I'm skeptical. Almost one-third of unemployed workers haven't worked in six months. That's a long time to be home all day, surfing the internet, sending out resumes, playing with your kids, letting yourself go, feeling your self-confidence and sense of self-worth along with your "soft skills" just totally atrophy. And from this sense of desperation we're going to fight for our economic rights? Revolution doesn't come from desperation; it comes from a sense of entitlement that we deserve more. We have to recognize our own oppression before we can revolt against it. This idea that work = self-worth means that out-of-work Americans just aren't our go-to revolutionaries. We're nothing without our jobs, and we get nothing from our society without them. And we buy into this set-up.
We're coming on 6 months since we last had this conversation about worker protest. As 500,000 Americans gear up to lose their unemployment benefits next month, seems like now's the time to have this discussion again.
What's it going to take, people??
(Photo of strike threat by janitorial workers in Santa Monica by Steve Lyons)
A Nation of Hustlers?
Published August 03, 2009 @ 06:00AM PT

(Photo of "Hunger Amidst Plenty" by Kamal H.)
I have to ask: why do so many of our public policies assume the worst of human nature? Check this out from a depressing NYT piece on how unemployment benefits are going to run out by year's end for a frightening # of unemployed Americans:
Traditionally, many economists have been leery of prolonged unemployment benefits because they can reduce the incentive to seek work. But that should not be a concern now because jobs remain so scarce, said Lawrence Katz, a labor economist at Harvard.

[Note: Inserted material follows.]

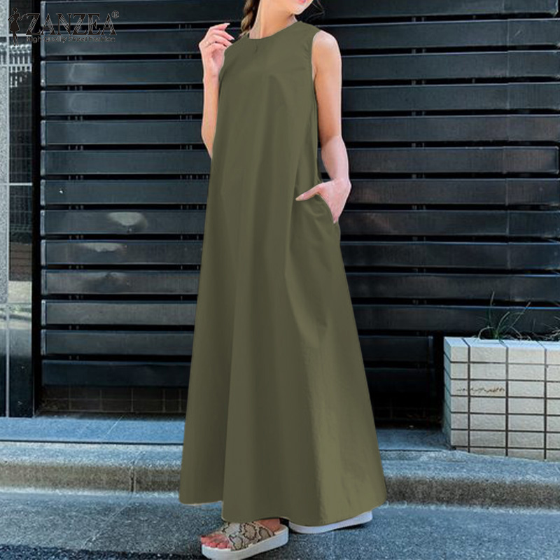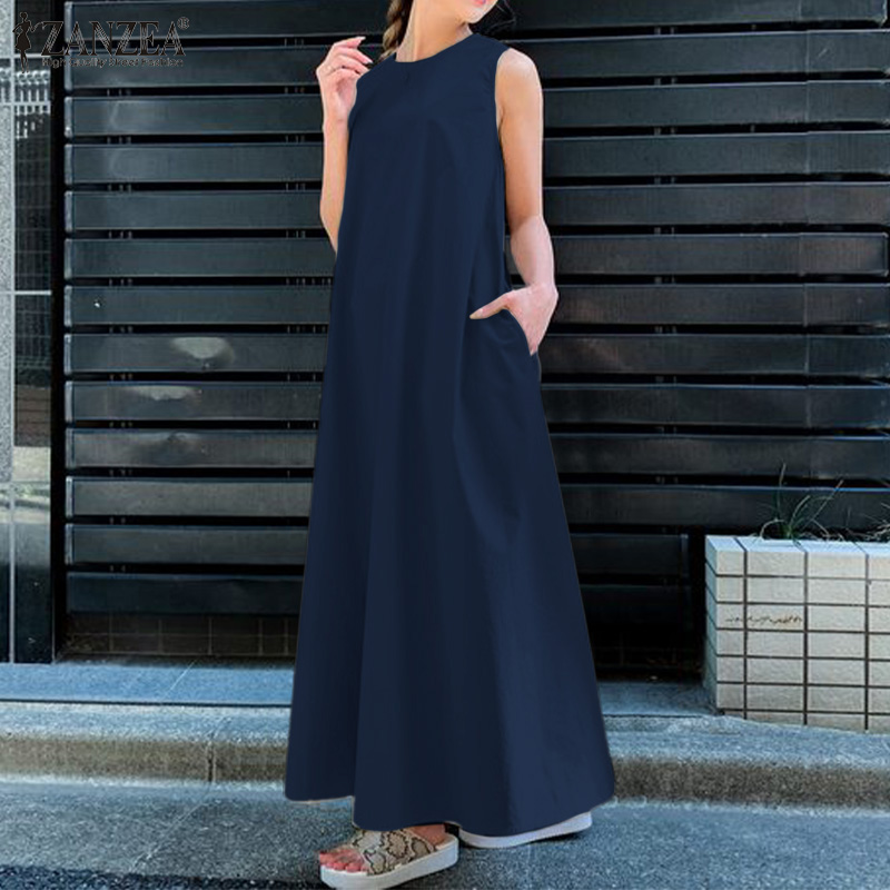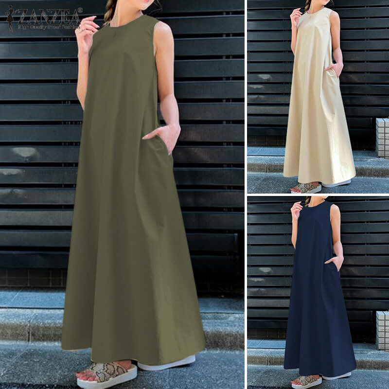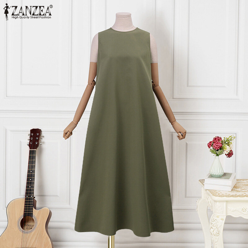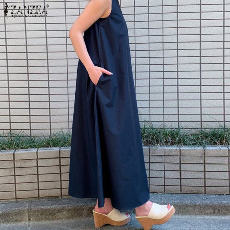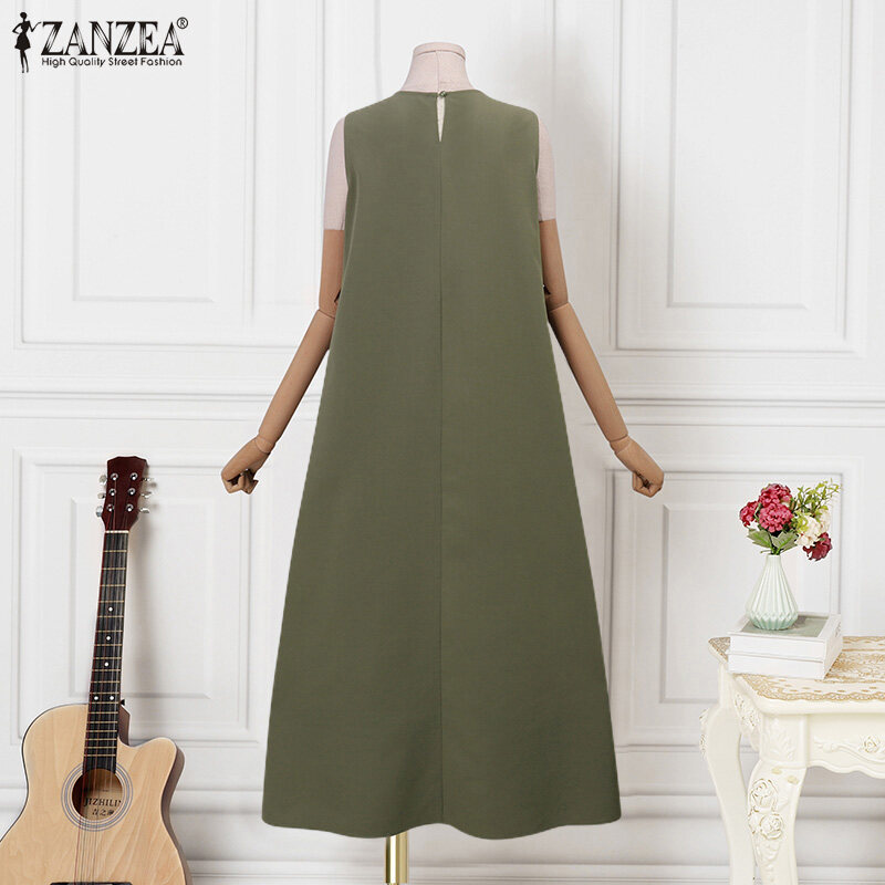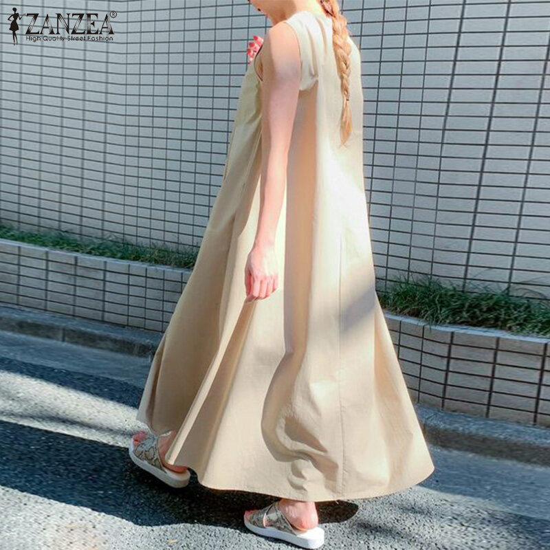 ZANZEA Korean Style Women's Dresses Vintage Sleeveless A-Line Loose O-Neck Maxi Tank Sundress #8

For every job that becomes available, about six people are looking, Dr. Katz said. “Unemployment insurance gives income to families who are really suffering and can’t find work even if they are hustling to look,” he said.
Look, $300 a week in unemployment benefits is nothing to sneer at, but honestly, is it really a negative incentive? It's slightly more generous than working full-time for a week at minimum wage, and it's about half of what the median hourly wage pays weekly in the US.
Why do we assume that by offering any shred of a safety net we're creating a nation of loafers, hustlers, thieves, layabouts, and their rapaciously needy offspring?
Seriously - what are the roots of these very disturbing assumptions? I don't get it.